La ligne de fuite
Justice au singulier - philippe.bilger, 15/08/2013
Petit appendice à une querelle de fond qui n'était pas médiocre et qu'on s'acharne à banaliser au lieu de l'affronter et d'en tirer les conséquences.
Serait-ce typique du comportement présidentiel de François Hollande ?
En tout cas, le Premier ministre a bien appris de son maître avec sa réaction face à l'antagonisme sérieux entre Christiane Taubira et Manuel Valls.
Ce dernier conscient du fait qu'on ne lui demande surtout pas de révéler les problèmes - plus aucune excuse, alors, pour ne pas tenter de les résoudre ! - a usé, déjà, de l'argument classique sur la richesse du débat qui sera tranché en définitive par le Président et le Premier ministre. C'est un peu pauvre après le courrier si vivement pertinent adressé par le ministre au président de la République.

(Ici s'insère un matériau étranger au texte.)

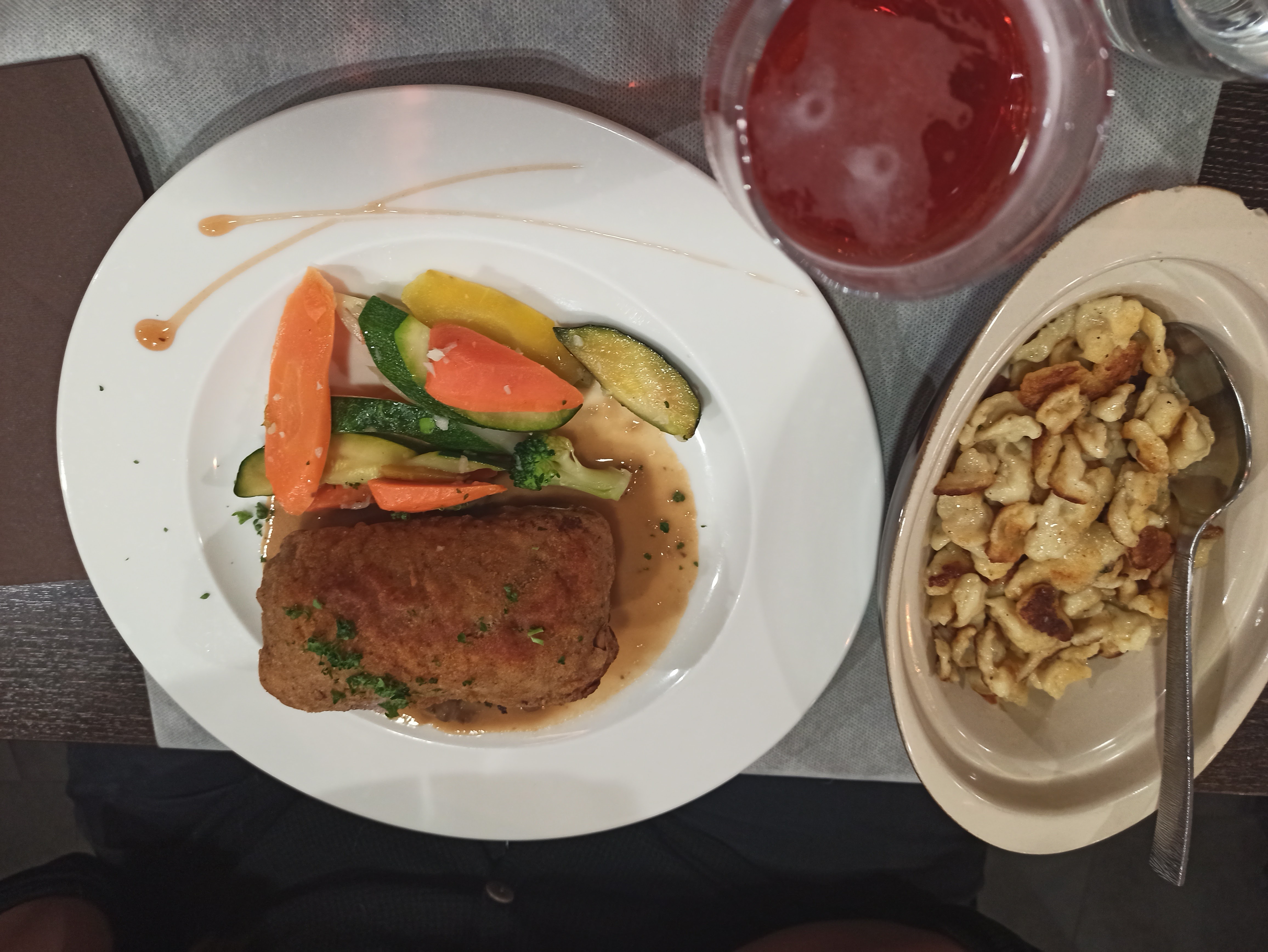 Bonne ambiance, bon prix. Nous avons eu l'escalope de veau qui était bonne mais pas spéciale. Nos vins Riesling étaient excellents. Le service était très bon, accommodant notre pauvre allemand.

A l'insu du garde des Sceaux.
François Hollande est, paraît-il, furieux d'avoir vu sa mobilité ostensible de la période estivale dégradée par ce couac entre deux ministres qui voudraient l'obliger à choisir l'un ou l'autre alors qu'il passe son temps à tenter des synthèses impossibles entre l'eau et le feu (Le Canard enchaîné).
Mais que dire de Jean-Marc Ayrault qui croit avoir apaisé un conflit alors qu'il n'a fait qu'ajouter à l'ambiguïté ?
En effet, il déclare à la fois qu'il n'y a qu'une ligne au gouvernement - alors que tout démontre, pour la sécurité et la Justice, qu'il y en a au moins deux - et qu'une "justice ferme et efficace" est en chantier (20 minutes).
Ou il n'a pas lu le projet de loi concocté par la ministre et ses services ou, à sa manière, il prend ouvertement parti pour Manuel Valls.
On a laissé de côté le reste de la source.